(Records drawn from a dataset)
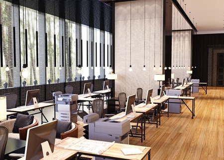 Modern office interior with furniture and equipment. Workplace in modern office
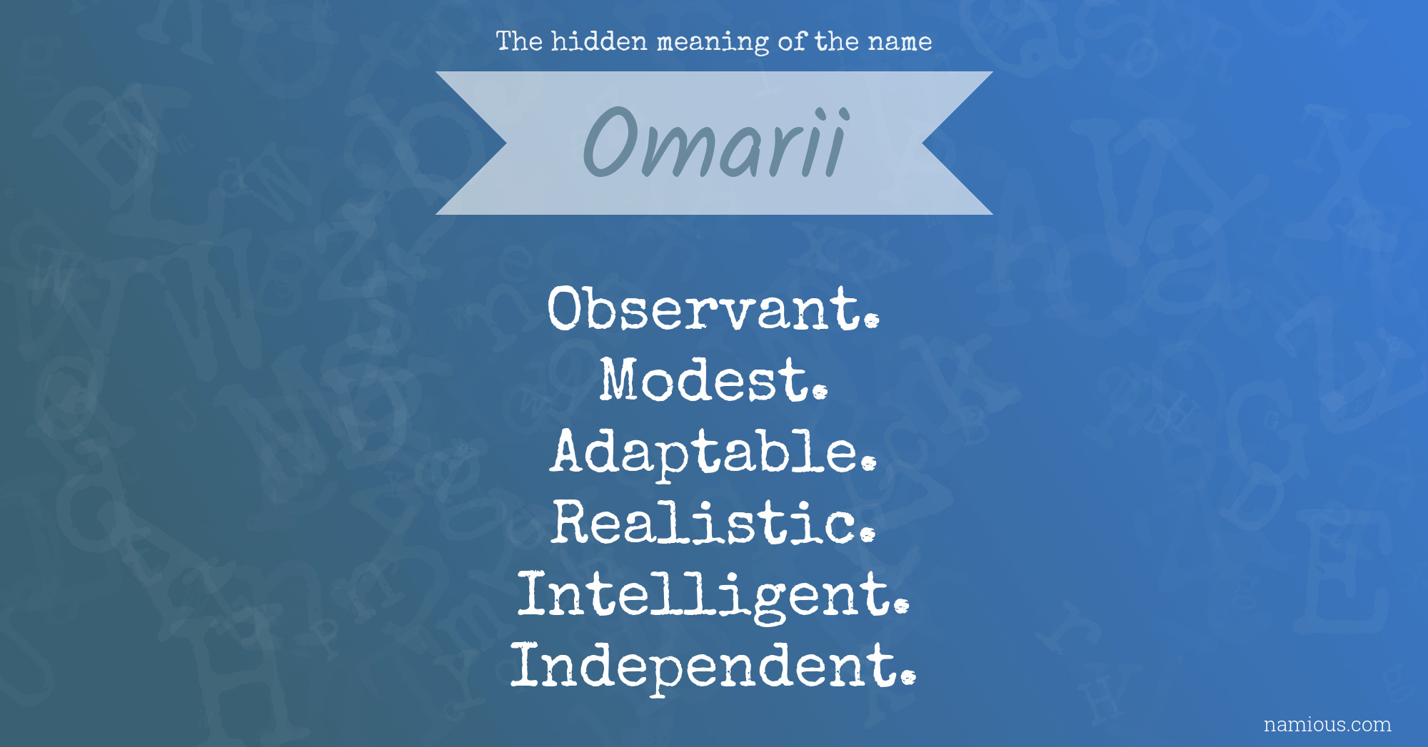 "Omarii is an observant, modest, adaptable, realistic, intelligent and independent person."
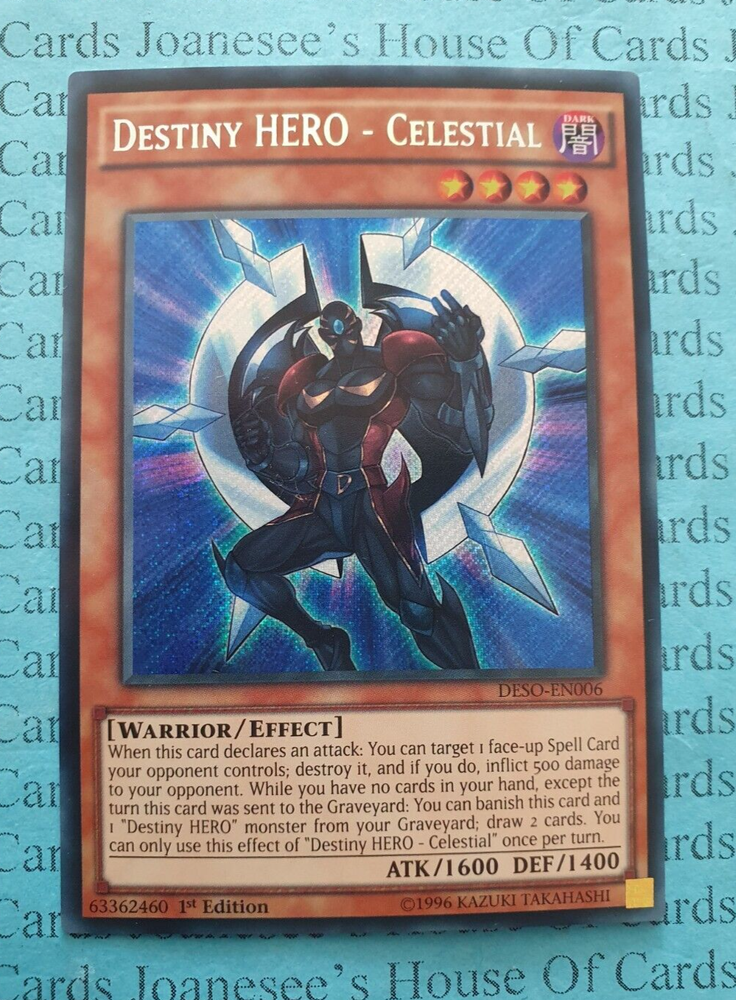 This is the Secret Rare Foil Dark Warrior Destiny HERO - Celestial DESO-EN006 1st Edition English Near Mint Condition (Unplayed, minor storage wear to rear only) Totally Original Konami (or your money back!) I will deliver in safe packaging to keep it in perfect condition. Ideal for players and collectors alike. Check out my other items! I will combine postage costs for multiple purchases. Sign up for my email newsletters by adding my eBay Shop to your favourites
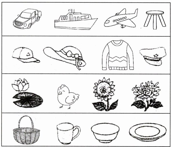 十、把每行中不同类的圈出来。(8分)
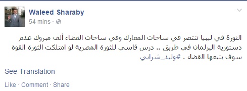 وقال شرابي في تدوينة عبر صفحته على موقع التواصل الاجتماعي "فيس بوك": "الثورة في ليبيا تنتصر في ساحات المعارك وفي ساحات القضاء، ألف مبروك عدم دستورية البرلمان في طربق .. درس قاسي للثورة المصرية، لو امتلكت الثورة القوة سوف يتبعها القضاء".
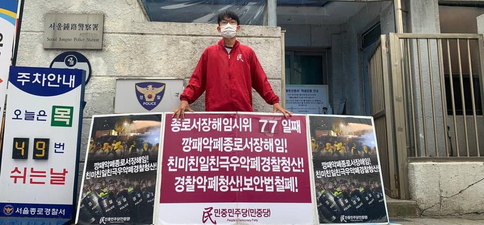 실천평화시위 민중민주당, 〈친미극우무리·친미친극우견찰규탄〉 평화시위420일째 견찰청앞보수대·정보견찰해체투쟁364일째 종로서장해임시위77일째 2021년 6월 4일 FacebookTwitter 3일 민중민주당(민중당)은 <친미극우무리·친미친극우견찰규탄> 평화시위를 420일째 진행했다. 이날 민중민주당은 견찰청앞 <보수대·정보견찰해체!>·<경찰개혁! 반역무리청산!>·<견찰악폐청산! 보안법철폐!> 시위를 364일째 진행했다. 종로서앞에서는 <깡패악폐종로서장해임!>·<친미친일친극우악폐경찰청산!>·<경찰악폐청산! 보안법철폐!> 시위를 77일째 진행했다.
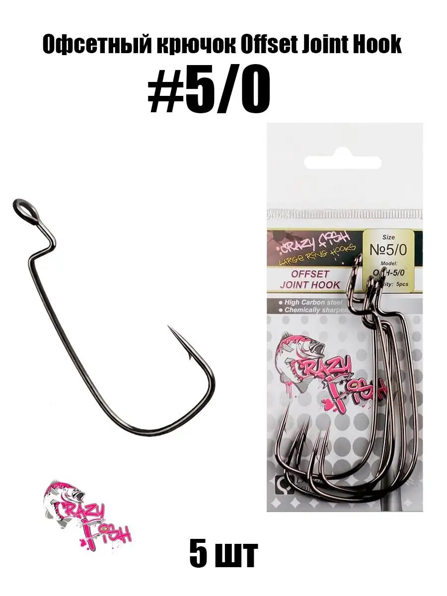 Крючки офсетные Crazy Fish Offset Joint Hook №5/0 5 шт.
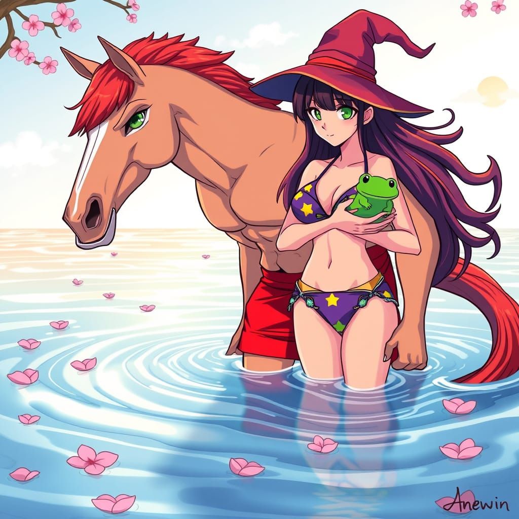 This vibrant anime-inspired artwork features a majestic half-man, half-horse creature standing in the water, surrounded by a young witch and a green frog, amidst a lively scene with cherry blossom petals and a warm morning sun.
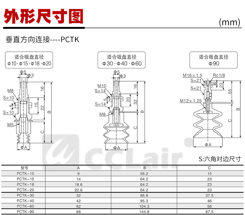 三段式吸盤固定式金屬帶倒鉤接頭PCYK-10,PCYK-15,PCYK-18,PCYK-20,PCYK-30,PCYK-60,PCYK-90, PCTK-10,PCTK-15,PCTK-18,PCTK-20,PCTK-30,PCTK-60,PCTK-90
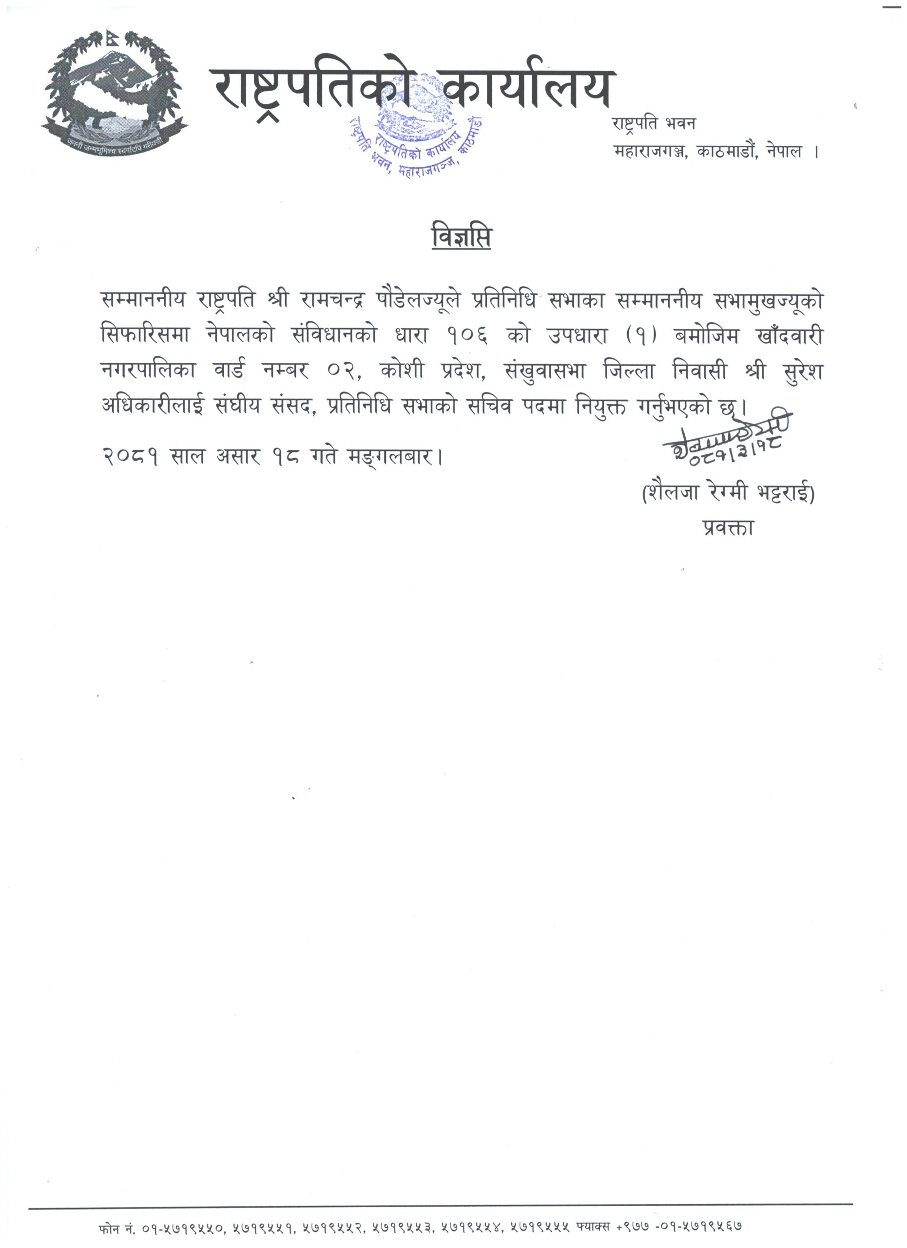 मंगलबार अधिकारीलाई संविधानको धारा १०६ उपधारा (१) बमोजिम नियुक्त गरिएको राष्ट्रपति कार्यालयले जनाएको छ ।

What is needed ▸
Once the images are removed, print the remaining data exactly as it appears above.

Written reply ▸
 Modern office interior with furniture and equipment. Workplace in modern office
 "Omarii is an observant, modest, adaptable, realistic, intelligent and independent person."
 This is the Secret Rare Foil Dark Warrior Destiny HERO - Celestial DESO-EN006 1st Edition English Near Mint Condition (Unplayed, minor storage wear to rear only) Totally Original Konami (or your money back!) I will deliver in safe packaging to keep it in perfect condition. Ideal for players and collectors alike. Check out my other items! I will combine postage costs for multiple purchases. Sign up for my email newsletters by adding my eBay Shop to your favourites
 十、把每行中不同类的圈出来。(8分)
 وقال شرابي في تدوينة عبر صفحته على موقع التواصل الاجتماعي "فيس بوك": "الثورة في ليبيا تنتصر في ساحات المعارك وفي ساحات القضاء، ألف مبروك عدم دستورية البرلمان في طربق .. درس قاسي للثورة المصرية، لو امتلكت الثورة القوة سوف يتبعها القضاء".
 실천평화시위 민중민주당, 〈친미극우무리·친미친극우견찰규탄〉 평화시위420일째 견찰청앞보수대·정보견찰해체투쟁364일째 종로서장해임시위77일째 2021년 6월 4일 FacebookTwitter 3일 민중민주당(민중당)은 <친미극우무리·친미친극우견찰규탄> 평화시위를 420일째 진행했다. 이날 민중민주당은 견찰청앞 <보수대·정보견찰해체!>·<경찰개혁! 반역무리청산!>·<견찰악폐청산! 보안법철폐!> 시위를 364일째 진행했다. 종로서앞에서는 <깡패악폐종로서장해임!>·<친미친일친극우악폐경찰청산!>·<경찰악폐청산! 보안법철폐!> 시위를 77일째 진행했다.
 Крючки офсетные Crazy Fish Offset Joint Hook №5/0 5 шт.
 This vibrant anime-inspired artwork features a majestic half-man, half-horse creature standing in the water, surrounded by a young witch and a green frog, amidst a lively scene with cherry blossom petals and a warm morning sun.
 三段式吸盤固定式金屬帶倒鉤接頭PCYK-10,PCYK-15,PCYK-18,PCYK-20,PCYK-30,PCYK-60,PCYK-90, PCTK-10,PCTK-15,PCTK-18,PCTK-20,PCTK-30,PCTK-60,PCTK-90
 मंगलबार अधिकारीलाई संविधानको धारा १०६ उपधारा (१) बमोजिम नियुक्त गरिएको राष्ट्रपति कार्यालयले जनाएको छ ।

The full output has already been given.